I nodded and thanked her. I slipped on the coat, which felt heavy and warm, just like the winters by the fire I had spent with my parents back in Szeged. I scurried back to my bunk, like a rabbit scurrying from hunters over the gray landscape of Auschwitz. It felt strange, forbidden to be in a section other than the space that was designated for Mengele's twins. I felt a shiver down my spine as I crossed over the threshold of the barracks, tearing off pieces of stale, brown bread for Hajna.
"Here," I told her, shoving it toward her cracked, white lips. She turned over on her back, her breath weak and labored. The skin on her face had become taut and white, the color of paper. "Take some bread."
"No," Hajna muttered, her mouth so dry I could almost hear her tongue scraping against the roof of her mouth. I picked her up in my arms. She felt loose and limp, like a rag doll, her limbs weak at her side. I stuffed her thin, pale arms through the arms of the royal blue coat I had pilfered from Canada, holding her body up with all of the strength I had.
"It's hot," Hajna complained thinly, her lips beginning to bleed from the parched corners of her mouth.
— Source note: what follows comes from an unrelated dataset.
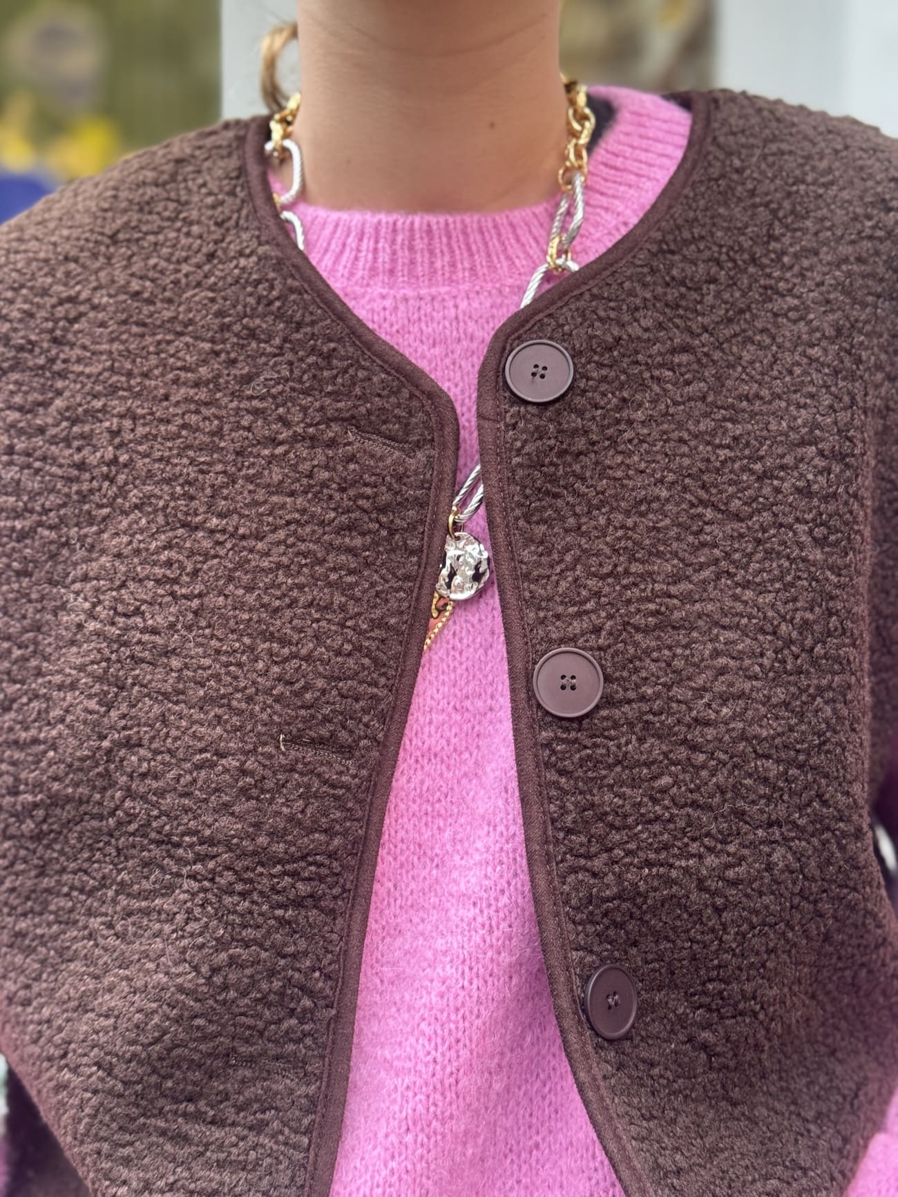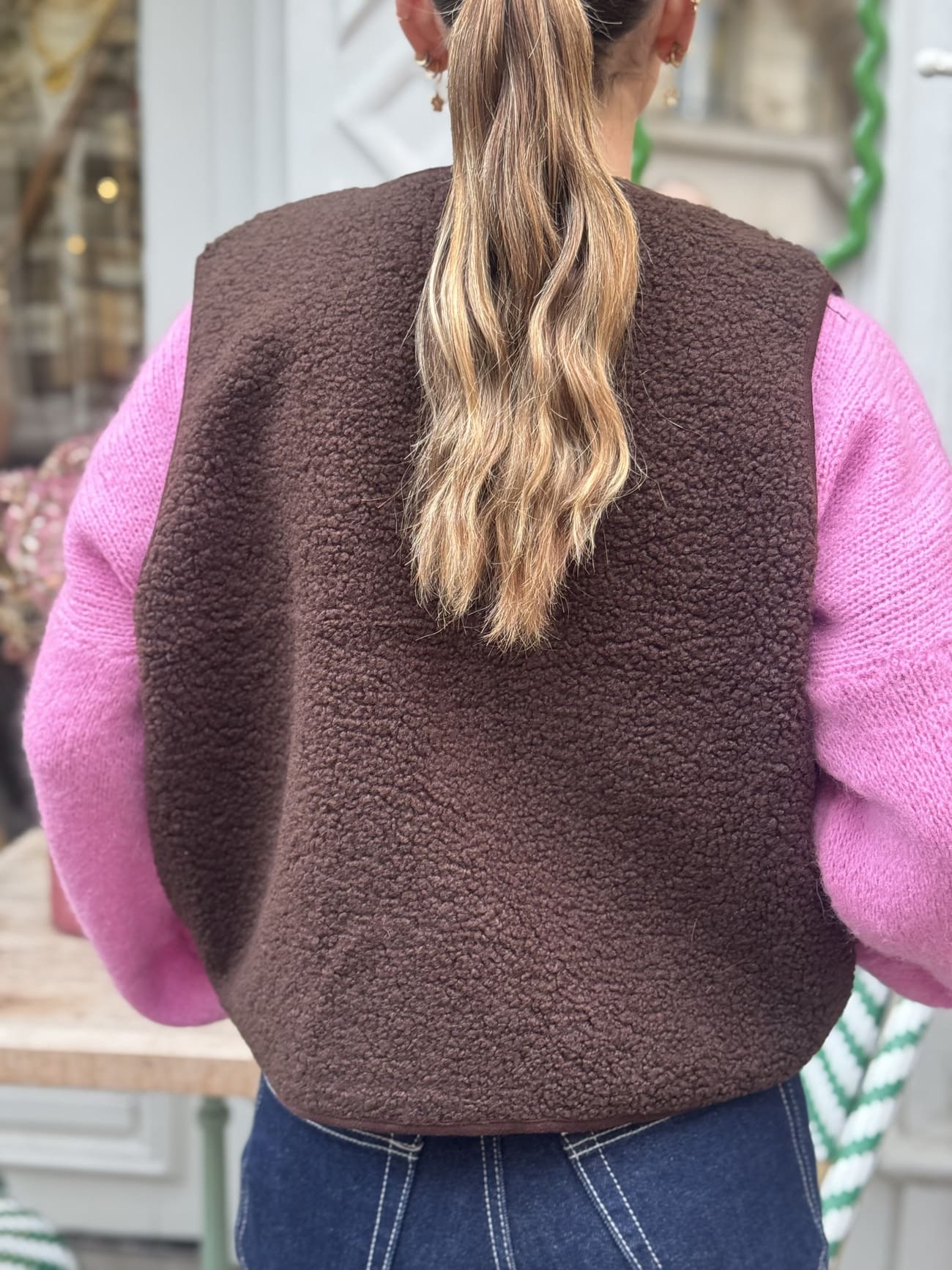 Cette veste sans manche marron en tissu sherpa enveloppe vos looks d’une chaleur naturelle. Sa couleur terre rappelle les tons de l’automne et s’associe facilement à vos basiques du quotidien.

It reminded me of the gypsies Mengele sometimes experimented on. Many of them had a disease called Noma, something that had been all but extinct in "civilized" Europe. Caused by malnutrition, Noma ate right through childrens' faces leaving a gaping hole. I could see their teeth and facial bones through their skin, what was left of their faces, looking frightened and pained. Men
gele took them away and they disappeared, gone like ghosts.
"It's actually really cold in here, Hajna," I corrected her, her skin hot to the touch. It was like putting my hand on the pan after Mama had pulled freshly baked bread out of the oven, her skin hot and clammy to the touch.
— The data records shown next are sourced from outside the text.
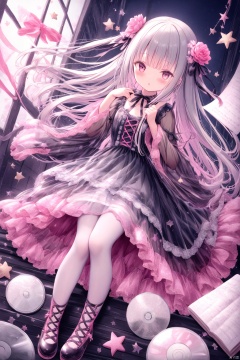 white pantyhose, wide shot, cross-laced footwear, gothic lolita, lolita fashion,
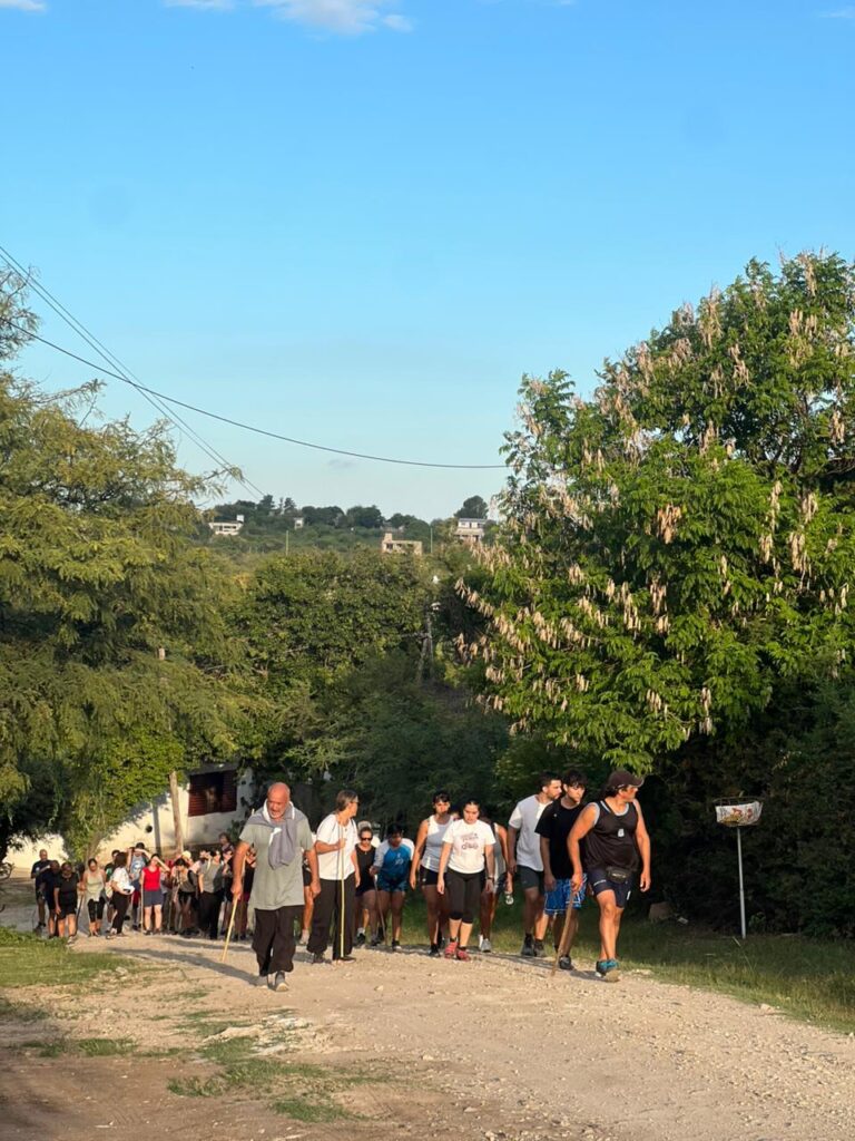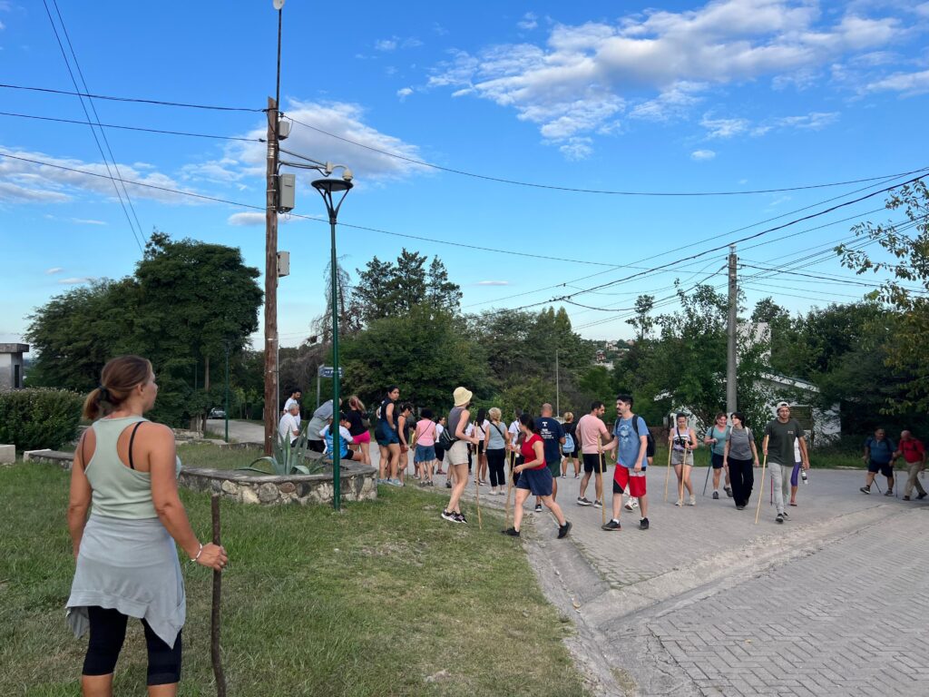 La actividad comenzó en la Oficina de Turismo desde donde vecinos y visitantes se dirigieron al margen del río para realizar un precalentamiento coordinado por Marisa Peralta. Luego, el recorrido avanzó hacia la Plaza Principal, la Plaza Nemesio Silva y distintos puntos emblemáticos del pueblo.
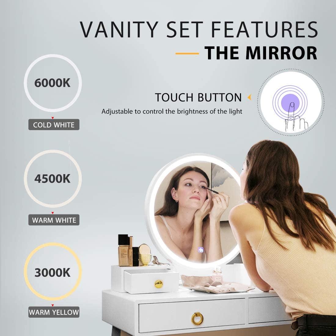 VIVOHOME Vanity Set with 3-Color Touch Screen Dimmable Lighted Metal Mirror, Makeup Table with Drawers, Padded Stool, White
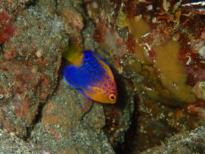 ちょっと小さめの50円玉サイズのレンテンヤッコの幼魚が観察できてます♪
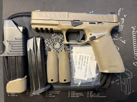 Prodám samonabíjecí pistoli Springfield Echelon FDE fullsize. Zbraň jsem kupoval tento rok v dubnu, takže je ještě v záruce. Ke zbrani přikládám veškeré původní příslušenství, včetně dvou zásobníků(20 a 17). Navíc ke zbrani přidám vnější pouzdro Frogy pro praváka od RH Holsters. Zbraň nenošená a má nastříleno do 500 nábojů. ZP a NP samozřejmostí.
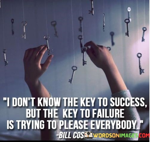 The statement "I don't know the key to success, but the key to failure is trying to please everybody" underscores the idea that attempting to satisfy everyone often leads to unsuccessful outcomes. It suggests that seeking approval from everyone can hinder progress and undermine personal goals.
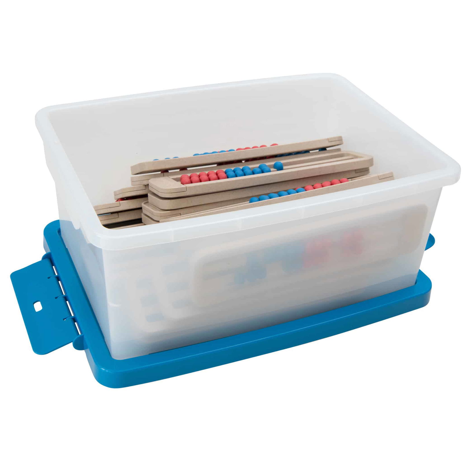 Das Set enthält eine praktische Aufbewahrungsbox, die den Rechenrahmen optimal schützt. Die Box hat die Maße Höhe: 16 cm, Breite: 39,5 cm, Tiefe: 27,5 cm und bietet viel Platz, um alle Materialien ordentlich aufzubewahren. Die Stabilität des Deckels sorgt dafür, dass der Inhalt auch auf Reisen gesichert ist.

Day after day, I trudged to Canada to retrieve food and water. She refused to put anything to her lips most of the time. Instead, she shrunk down, and turned away with a moan, whispering about Kiraly or the Tisza or calling for Mama. A pain seared through my chest when she mentioned Mama. Throughout our time in Auschwitz, our life at the mercy of Mengele's gloved hands, I had been so focused on staying alive that I never wanted to think about whether my parents were alive or not. I looked for them each day in the faces of the passing prisoners. In fact, I had never even imagined what would happen if the war ended, where we would go, what we would do. I just assumed that they would be alive, ready to take us back with open arms. As I watched Hajna toss and turn in the stillness of the deserted camp, a searing pain shot through my chest as I began to face the reality that I may not ever see our family again.
I shook it out of my mind with great fervor as I forced water down Hajna's throat. It made a gurgling sound as it went down and she coughed slightly.
"Papa, Zsolt took our…" she mumbled, but didn't finish the sentence. Her eyes closed and she licked her dry lips once again. Her breath continued, steady and slowly. I turned to my side and curled up into a ball next to her.
After a few hours, I heard something in the distance. It sounded like an advancing army. There were heavy sounds of Jeeps rolling and crunching on the ice and snow. My heart did a flip and I took I deep breath. Perhaps the SS had come back to kill us all. After counting to ten, I sat up as straight as I was able under the confines of the bunk and looked out of the foggy window. Men with rough faces and buzz cuts marched forward, brandishing rifles and guns. But their guns weren't drawn. They were reaching their strong arms out to the twig-like creatures unable to move. Some of the men were wiping their eyes. I saw one duck behind a Jeep, probably praying that no one would see him as he threw up.